Exercise
Every line of the data below must be output exactly, with images left out.

Dataset excerpt
+ + +
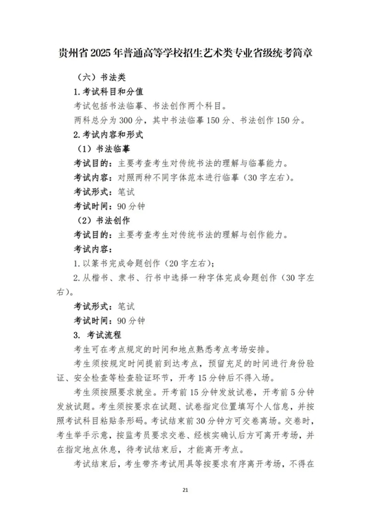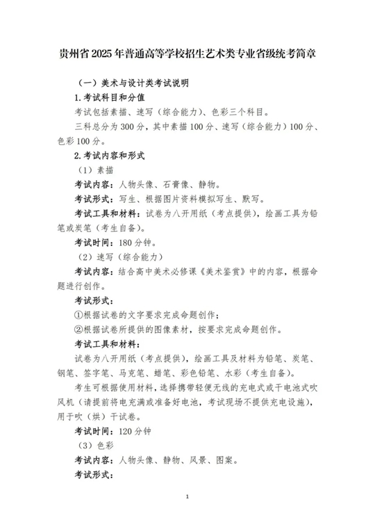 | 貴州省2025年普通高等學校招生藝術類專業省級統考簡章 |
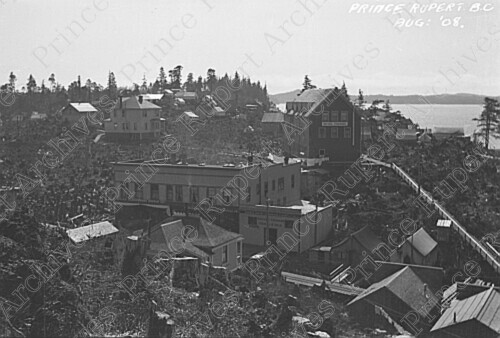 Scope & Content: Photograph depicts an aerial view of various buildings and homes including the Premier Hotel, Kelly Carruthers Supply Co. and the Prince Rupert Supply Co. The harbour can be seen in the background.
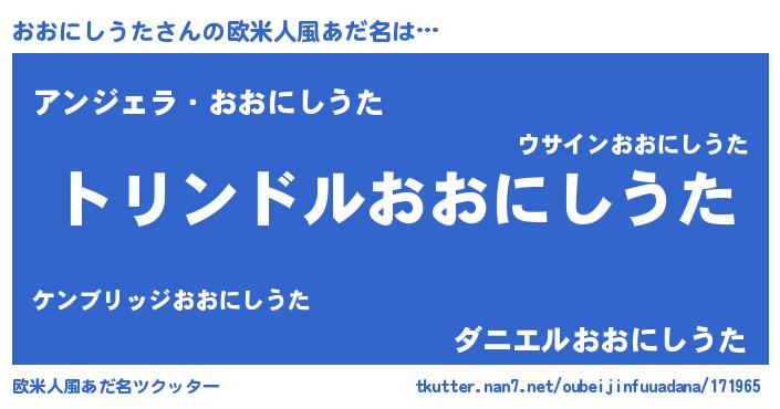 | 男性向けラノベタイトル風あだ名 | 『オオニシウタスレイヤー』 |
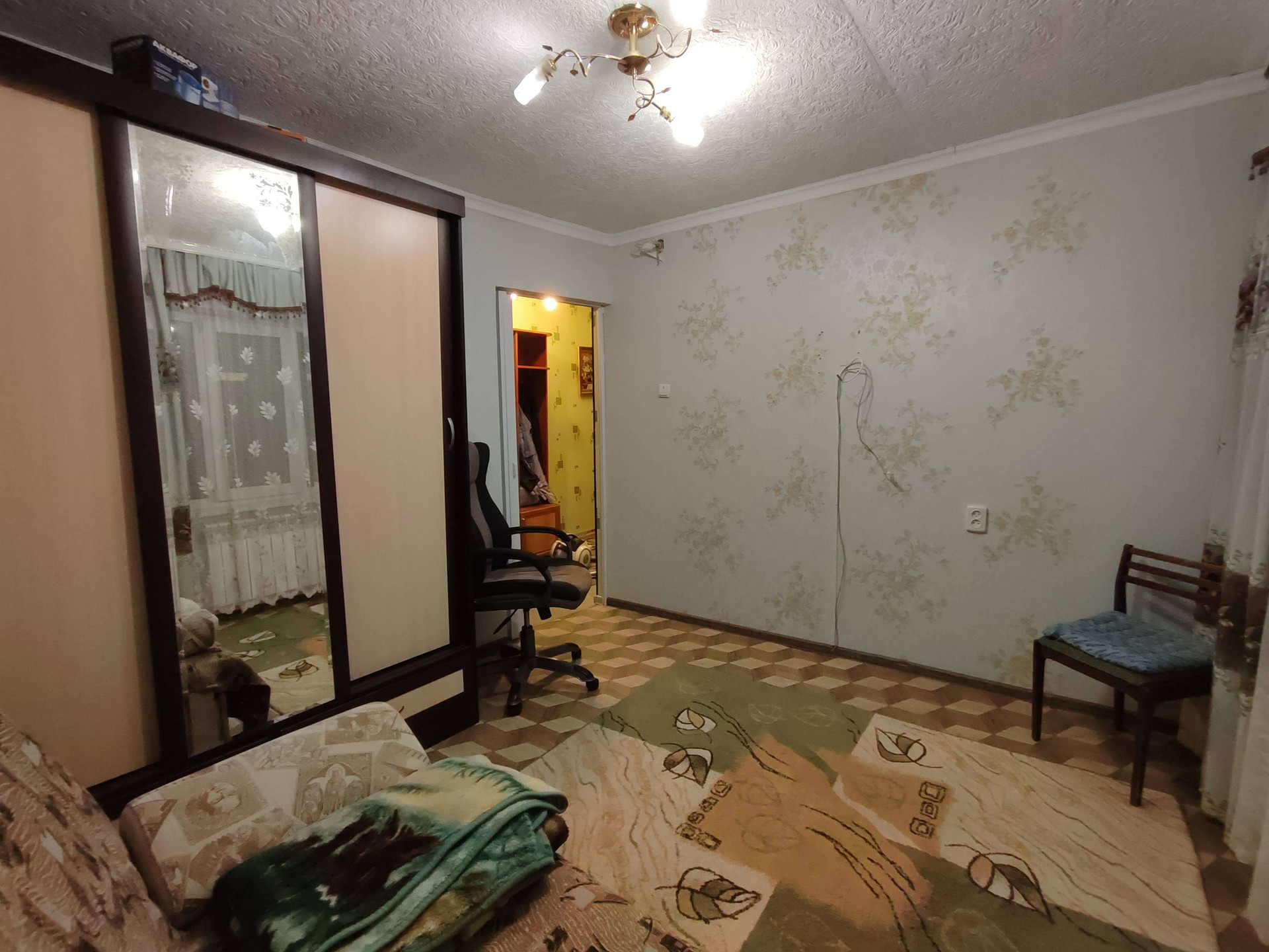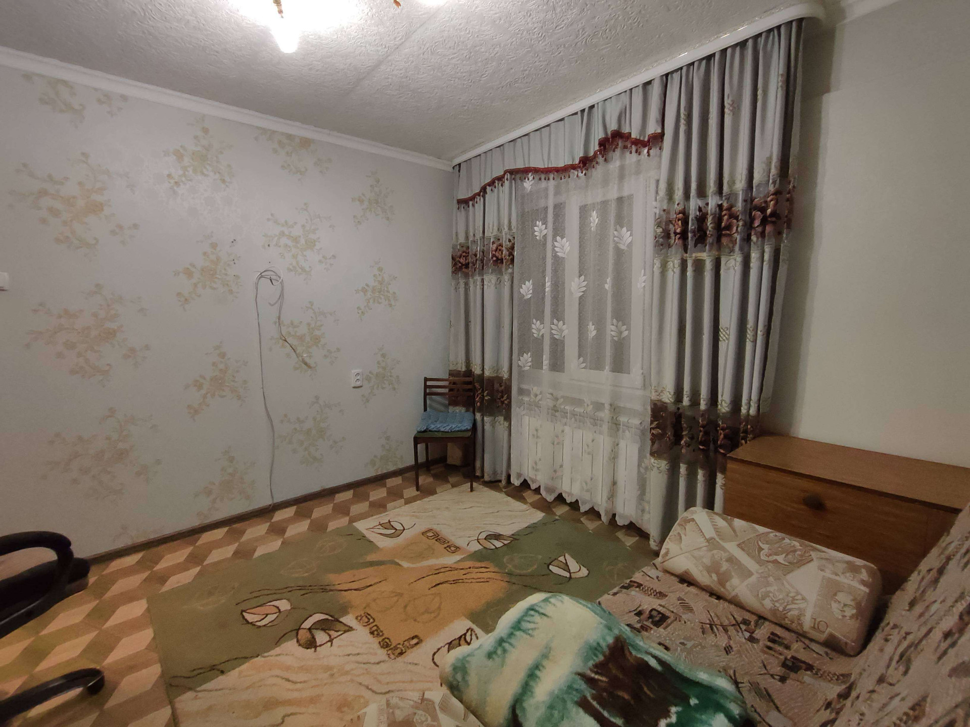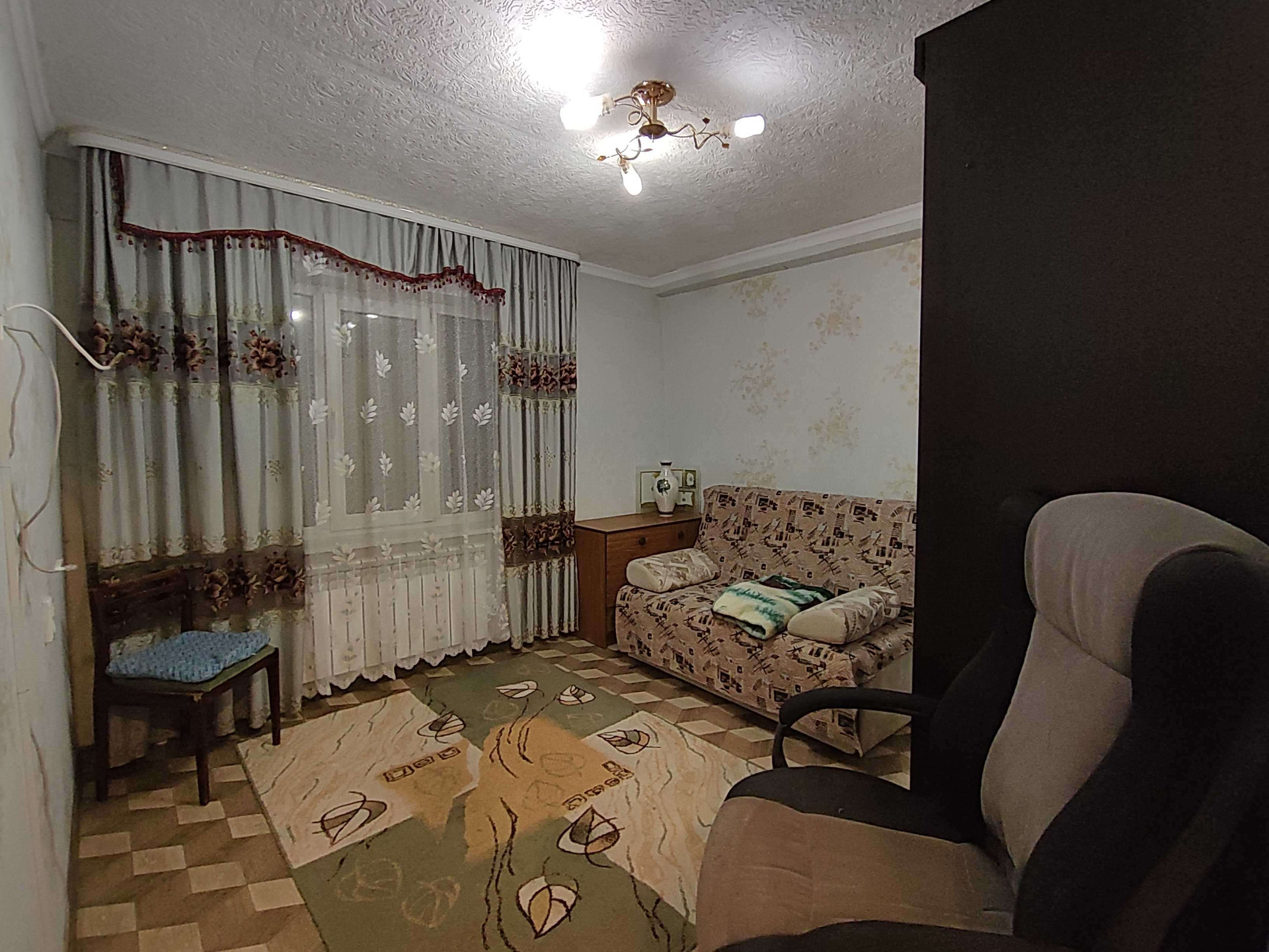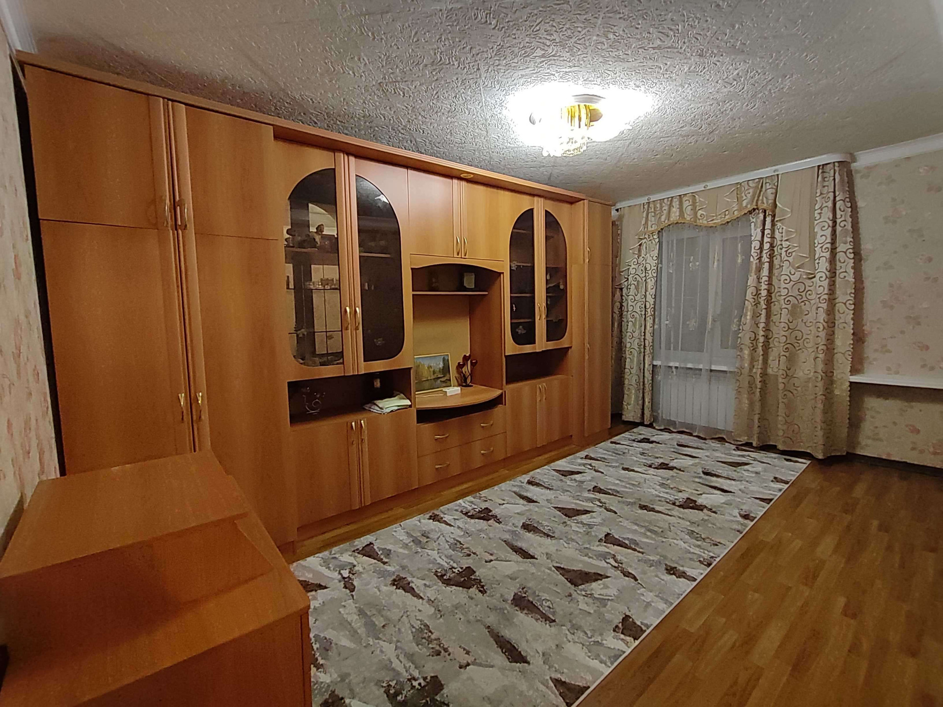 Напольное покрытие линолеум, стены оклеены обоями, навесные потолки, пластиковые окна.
+ + +
Solution for this exercise
 | 貴州省2025年普通高等學校招生藝術類專業省級統考簡章 |
 Scope & Content: Photograph depicts an aerial view of various buildings and homes including the Premier Hotel, Kelly Carruthers Supply Co. and the Prince Rupert Supply Co. The harbour can be seen in the background.
 | 男性向けラノベタイトル風あだ名 | 『オオニシウタスレイヤー』 |
 Напольное покрытие линолеум, стены оклеены обоями, навесные потолки, пластиковые окна.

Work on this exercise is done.